「萧郎未免太自信了,韩信有兵仙之称,矜功伐能,终遭锺室之祸,萧郎无韩信之能,而骄狂胜之,岂不惧哉?我敢问萧郎,此番讨沁州,果真奉了开封诏令吗?」
萧弈竟是默然了片刻,不再反驳,话风一转,道:「我有个礼物要给张元徽,麻烦你带回去————」
待那使者走了,张满屯不由问道:「节帅,要是辩不过那厮,将他砍了也好,怎让他得意洋洋地走了?」
「口舌之争,胜了又能如何?他来试探军情,让他不知虚实便是。」
萧弈说罢,招过吕小二,吩咐道:「设法在太原散布流言,说张元徽私下派人与我接触,有书信往来。」
「喏。」
萧弈倒要看看,到底是郭威治他擅启边衅之罪,还是刘崇疑张元徽有暗通款曲之嫌。
雕虫小技,屡试不爽。
「铁牙,你带人於涅水畔、石壑隘一线设砦,随时留意北兵动向。

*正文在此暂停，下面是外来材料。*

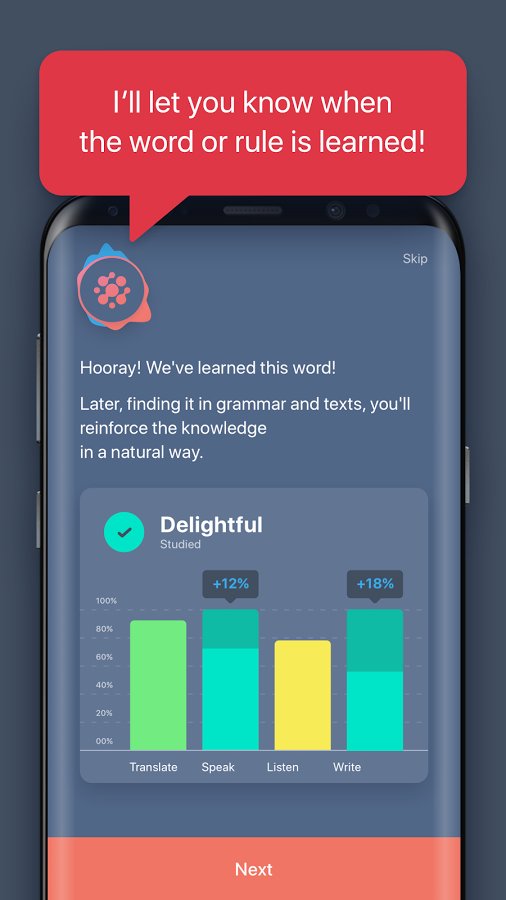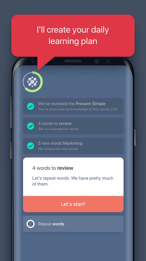 Parla: learn English with teacher AI - allows you to quickly and easily learn the English language using artificial intelligence. Now there is no need to contact Tutors and to take costly courses. The application itself reveals your level of proficiency, given gaps and errors, and builds a personalized training program. Parla immediately understand, did you learn a word, grammatical construction, rule, or need to repeat. Praise you for achievements or, on the contrary, scold for mistakes. English at different levels will be studied much more productive, because the AI will do the focusing on your gaps, e.g. in pronunciation, spelling, and will often give assignments such that the problems to be addressed. Personal assistant will be happy to help you achieve Intermediate level or Advanced level.
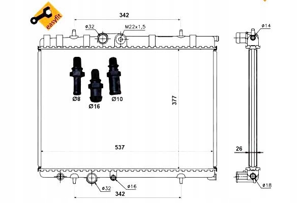 Радиатор воды 628952 nissens citroen mitsubishi
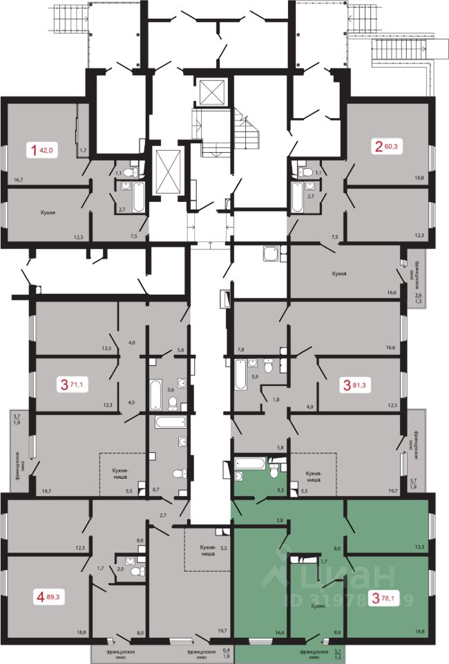 Продаётся 3-комнатная квартира в строящемся доме (Дом 3 строение 2), срок сдачи: II-кв. 2026, общей площадью 78.1 кв.м., на 12 этаже.

无我命令,无论张元徽如何挑衅,不可攻武乡。」
「喏。」
甫一返回沁州,萧弈打算立即召见闾丘仲卿,商议请昭义军共击武乡县一事。
尚未开口,却是又有通禀。
「节帅,朝廷遣人来了,依旧是王朴。」
「人在何处?」
「尚未入城,在城郊农庄中歇整。」
「我去迎他。」
风尘仆仆赶出沁州南城,沿着官道驰了不多时,拐入一条土路,远远便看到王朴坐在一户农家前,举着个破陶碗喝水。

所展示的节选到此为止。